Beginning with the hushed, choral vocals of ‘Nothing More’, The Midnight Sun sets out on a thrilling and often life-affirming journey through the unknown. As the chords begin to shift in satisfying patterns, clambering towards something of a higher kind, there’s a sense that this album is coming from somewhere other than earth. The opening track develops into a choir of layered angelic voices, awash with reverb-laden ambience that is nothing short of spine-tingling. These discordant voices are a recurring theme throughout the album, echoing like ghosts from another dimension. This other-worldly experience that happens to slot in nicely with C Duncan’s inspiration for The Midnight Sun, a little known TV show called The Twilight Zone (The album title is his favourite episode). It’s an inspiration that starts to make sense after you dump the immediate image of William Shatner yelling “There’s something on the wing!” and focus on the more subtle, mystery of the 1960s classic. A certain eeriness is rooted in the album’s score and sounds are familiar, yet not quite tangible.
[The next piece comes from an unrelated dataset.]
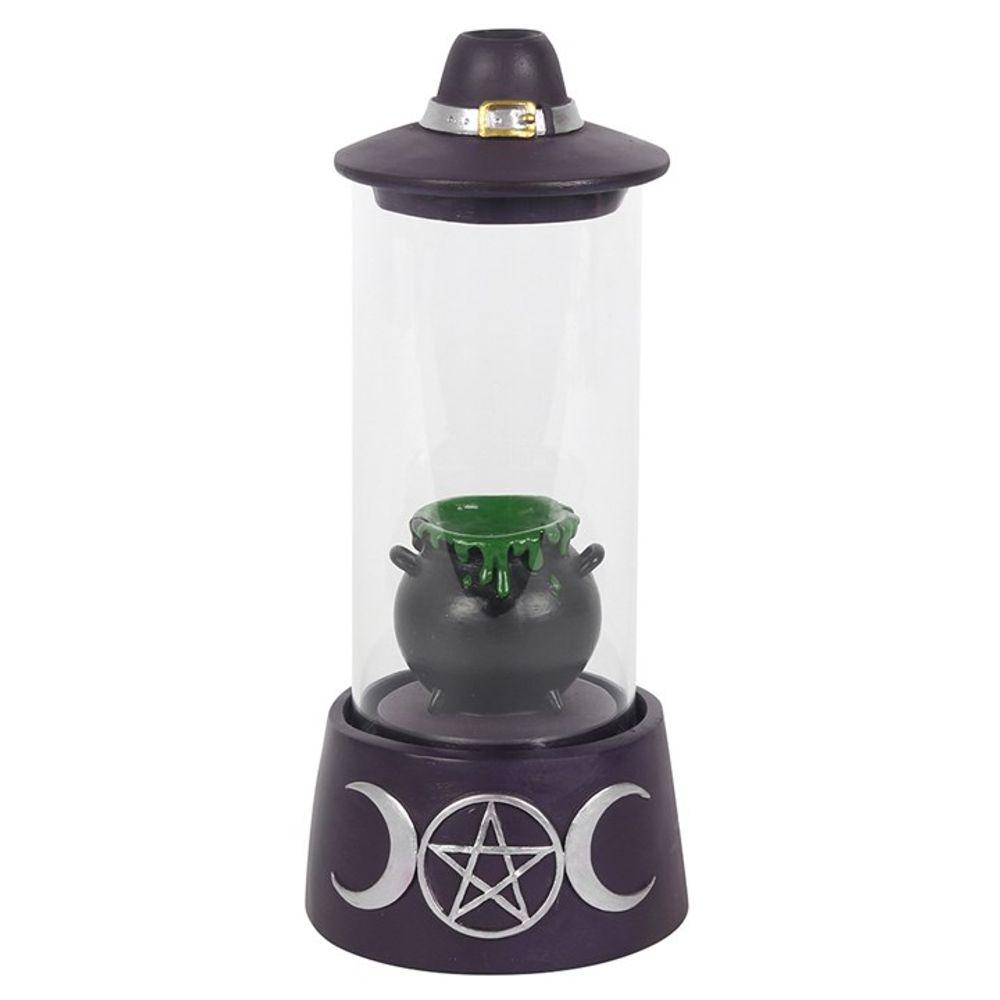 This impressive backflow cone burner is enclosed in a glass cylinder and features a bubbling cauldron, triple moon base and witch's hat lid. 4 LED lights gently cycle through a stunning rainbow of colours, beautifully showcasing the falling smoke that pools over the enclosed cauldron.

None of this means that the album lacks any emotional core though. The Midnight Sun is led by the soul’s need for resolution. Nowhere is this more prevalent than on ‘Other Side’, a track that oozes with nostalgic phrases about C Duncan’s past relationships under twinkling instruments and soothing piano keys. But just as you’re settling into a comfortable feeling, you’re suddenly thrown back through the Stargate with ‘Wanted To Want It To’’s shimmering waves of synthesiser careering through a dizzying wormhole. ‘On Course’ paddles through the vast expanse of some future highway, made of nothing but memories and there’s a fantastic swirling of synthesisers in ‘Last To Leave’, evolving like a lullaby of pure ethereal beauty.
There’s definitely something special about C Duncan’s unique compositions. How tracks with such a plethora of sounds and universal range of emotions are made in his bedroom is just bizarre. But what makes The Midnight Sun so utterly compelling is its spontaneous nature and unmatched beauty, which is in many ways much like life-itself. Album of the year? Quite possibly.